** Task prompt **
Starting at the first line of the entries below, please return exactly each line up to and including the one with "President Bush celebrated"; pictures stay out.

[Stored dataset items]
Start of Block

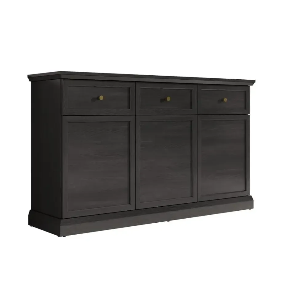 Dressoir Leroy is gemaakt in een zwart eiken kleur en heeft een landelijke uitstraling. De opbergkast beschikt over 3 deuren waarachter 6 opbergvakken zitten en 3 lades die openen met goudkleurige knoppen. Het meubel wordt ongemonteerd geleverd. Je dient het dus met behulp van de bijgeleverde handleiding zelf in elkaar te zetten.
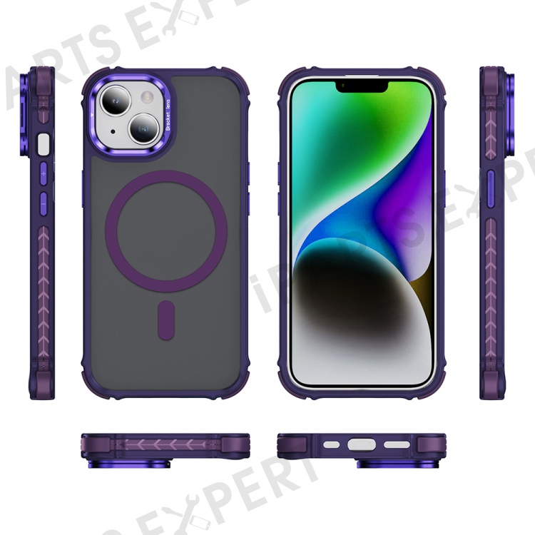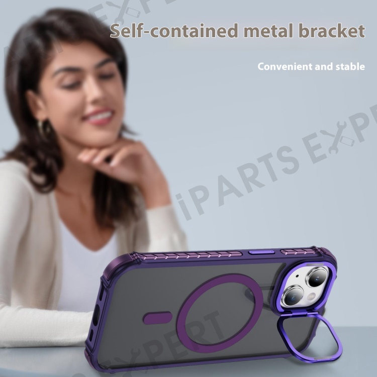 For iPhone 14 Case with Lens Kickstand Matte Back Cover Compatible with MagSafe - Purple
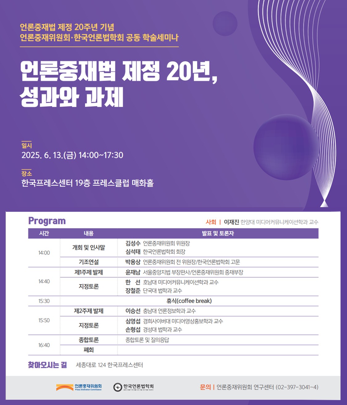 언론중재위원회와 한국언론법학회는 언론중재법 제정 20주년을 맞아 <언론중재법 제정 20년, 성과와 과제>를 주제로 아래와 같이 공동 학술 세미나를 개최합니다. 관계자 여러분들의 많은 관심과 참여를 부탁드립니다.
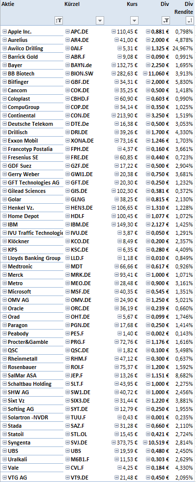 Weise wieder die Dividenden zusammengestellt hat, hier zunächst die Übersicht der bis 30.06.2015 berücksichtigten Dividenen (Dividenden werden immer Quartalsweise eingepflegt , Werte nach dem 30.06. werden erst nach dem 30.09. berücksichtigt).
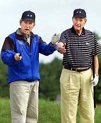 President Bush celebrated his 55th birthday on Friday, treating himself to a round of golf during an extended holiday break. The president was also accompanied by his father George, former US president, and his brother Jeb, Governor of Florida. The trio played at a course which lies in Kennebunkport, Maine, not far from the Bush family compound.
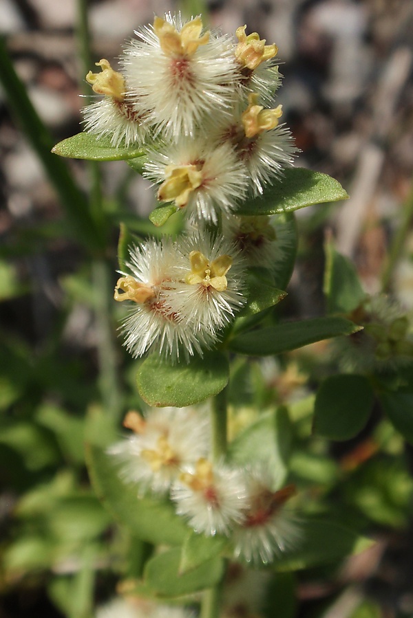 Galium grayanum — многолетнее травянистое растение, образующее зелёные ковровые заросли среди каменистых горных склонов. Его стелющиеся стебли могут достигать около 20 сантиметров в длину. Листья расположены мутовками по четыре штуки на стебле. Они овальные, заострённые, слегка мясистые и бархатистые. Растение раздельнополое, но мужские и женские цветки схожи по внешнему виду, с маленькими желтоватыми или красноватыми венчиками на концах листовых стеблей. Плод — орешек с очень длинными волосками. Когда растение плодоносит, оно приобретает пушистый вид[3].
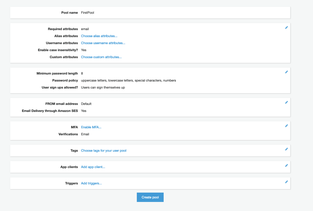 - Step 5: Press the Create Pool button and your User Pool will be created.
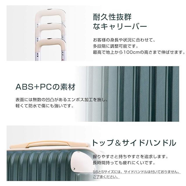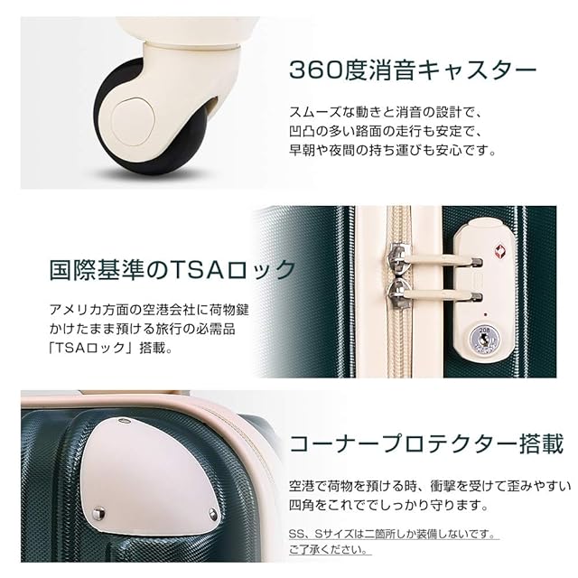 軽量なので重さ制限に有利で、女性の方でも軽々と持ち上げることができます。【TSAロック】海外旅行には欠かせない世界基準のダイヤル方式のTSAロックを採用しています、国内外にも関わらず、航空便をご利用する際に便利で、より安全で便利です。※ご注意:鍵は付いておりません。予めご了承ください。ご注意!!:SS、S、容量UP--SSと容量UP-Sサイズは寸法のため、側面のハンドルと底足が付いていません。そして、コーナープロテクトが二箇所しか装備しないです。
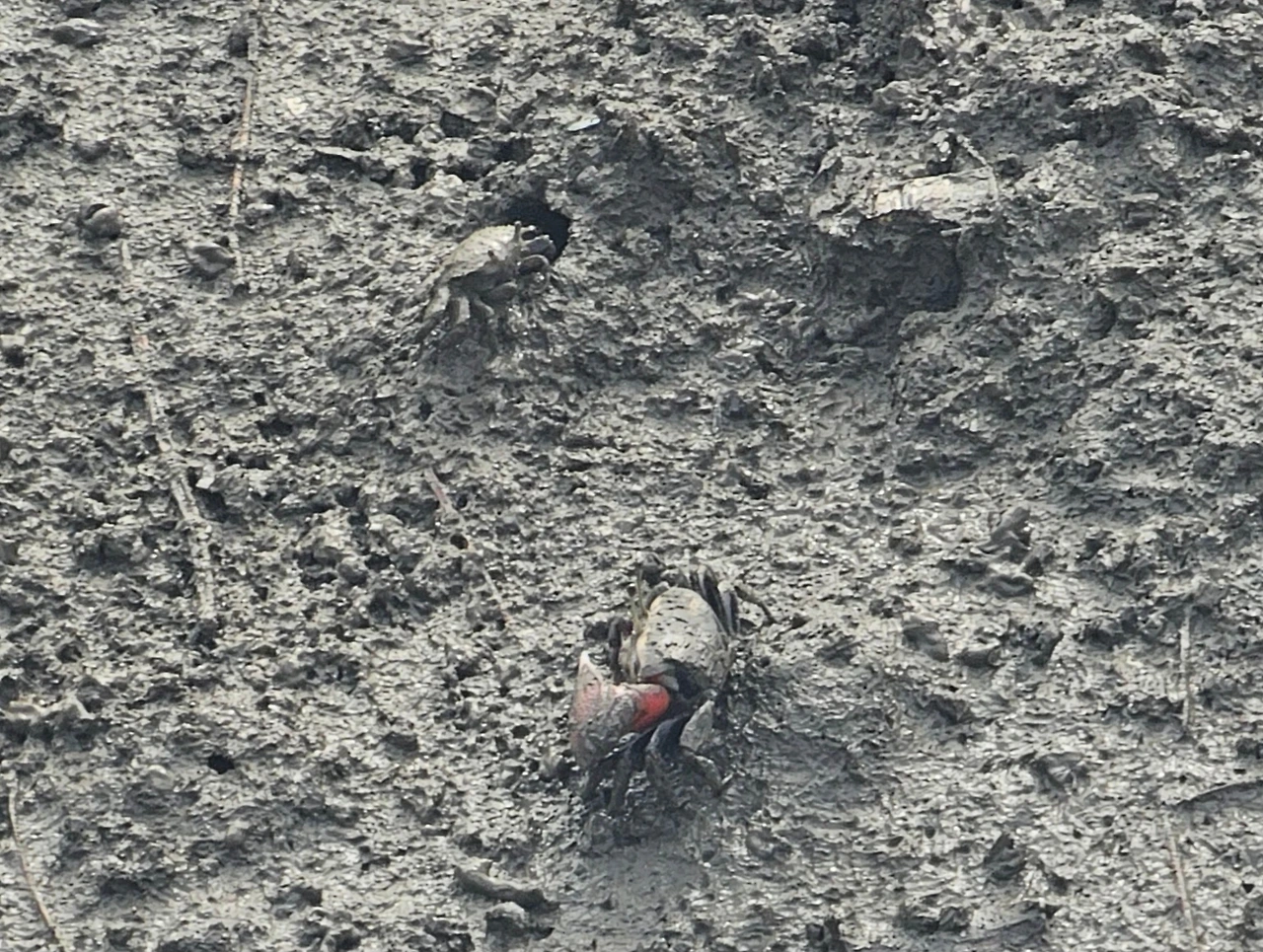 오후 3시 갯벌에는 많은 게 들과 짱뚱어들이 부지런히 움직입니다. 노는 것인지 먹이활동을 하는 것인지 내 눈에는 평화롭고 활기찬 풍경입니다. 빨간 집게를 가진 게 들이 눈에 뜨입니다. 잘 놀다가 우리가 지나가니 얼음 땡 놀이의 얼음모드로 변합니다. 갯벌 속에 얼굴만 파묻고 얼음입니다.
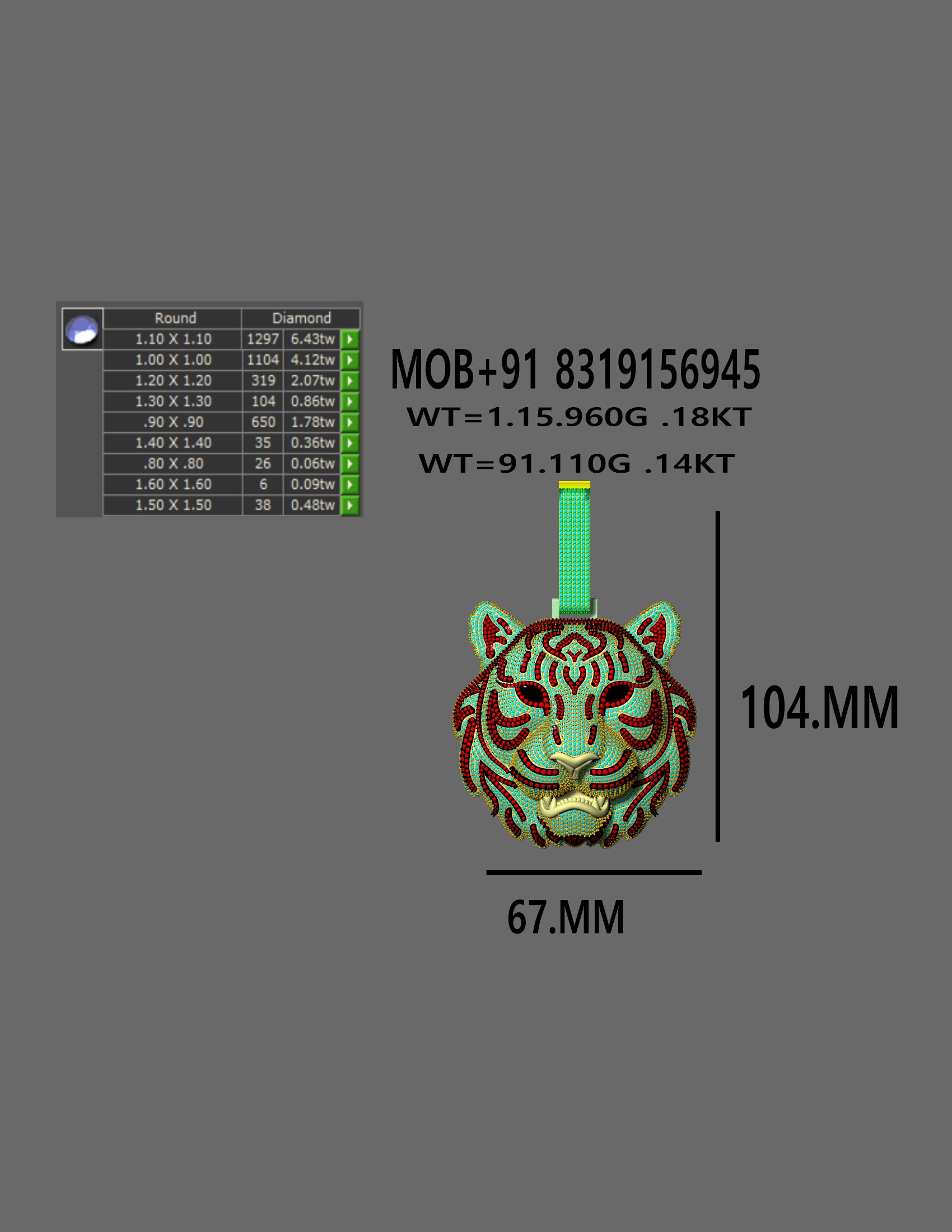 This exquisite Tiger Head Pendant is crafted as a bold statement piece, combining intricate artistry with refined technical precision. Designed with a detailed open-work structure, the pendant features a three-dimensional tiger motif highlighted by a rich arrangement of micro-pavé round diamonds. Each contour of the face—eyes, whiskers, and stripes—is meticulously shaped to create a powerful and elegant expression.
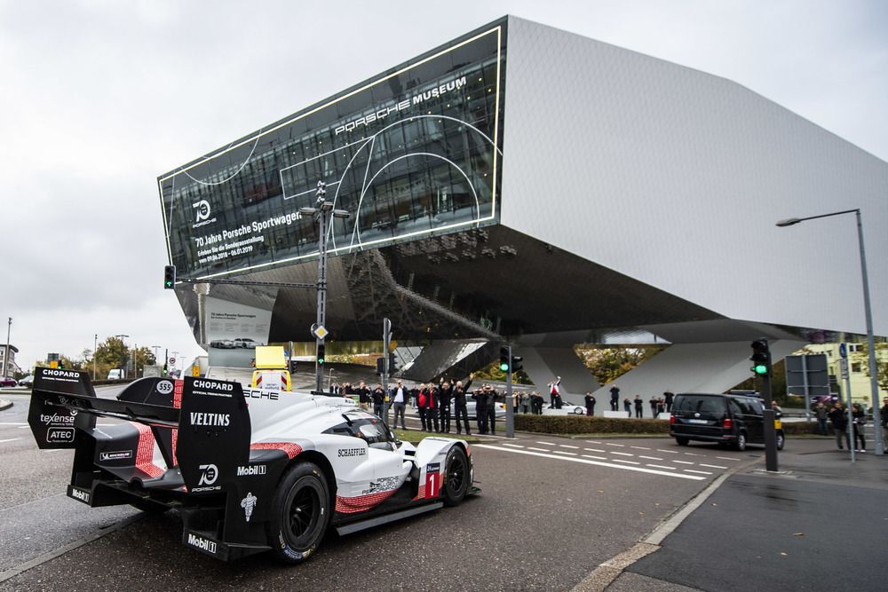 Ve čtvrtek 25. října dopoledne dojelo Porsche 919 Hybrid v nevšedním konvoji do Muzea Porsche. Mark Webber a Marc Lieb převezli za asistence doprovodných vozidel na základě úředního povolení dva exempláře úspěšného prototypu pro Le Mans z vývojového centra ve Weissachu do Muzea Porsche v Zuffenhausenu. S celkovým výkonem více než 2000 k absolvovali trasu o délce 25 kilometrů z Porschestraße 911 na Porscheplatz 1 po veřejných komunikacích. Součástí uvítací akce v muzeu bylo předčítání Dietmara Wundera, který je mimo jiné hlasem Daniela Craiga alias Jamese Bonda 007. Wunder četl z knihy „Legendary – Das Porsche 919 Hybrid Projekt“, která bude vydána v prosinci.

End of Block

** Written reply **
 Dressoir Leroy is gemaakt in een zwart eiken kleur en heeft een landelijke uitstraling. De opbergkast beschikt over 3 deuren waarachter 6 opbergvakken zitten en 3 lades die openen met goudkleurige knoppen. Het meubel wordt ongemonteerd geleverd. Je dient het dus met behulp van de bijgeleverde handleiding zelf in elkaar te zetten.
 For iPhone 14 Case with Lens Kickstand Matte Back Cover Compatible with MagSafe - Purple
 언론중재위원회와 한국언론법학회는 언론중재법 제정 20주년을 맞아 <언론중재법 제정 20년, 성과와 과제>를 주제로 아래와 같이 공동 학술 세미나를 개최합니다. 관계자 여러분들의 많은 관심과 참여를 부탁드립니다.
 Weise wieder die Dividenden zusammengestellt hat, hier zunächst die Übersicht der bis 30.06.2015 berücksichtigten Dividenen (Dividenden werden immer Quartalsweise eingepflegt , Werte nach dem 30.06. werden erst nach dem 30.09. berücksichtigt).
 President Bush celebrated his 55th birthday on Friday, treating himself to a round of golf during an extended holiday break. The president was also accompanied by his father George, former US president, and his brother Jeb, Governor of Florida. The trio played at a course which lies in Kennebunkport, Maine, not far from the Bush family compound.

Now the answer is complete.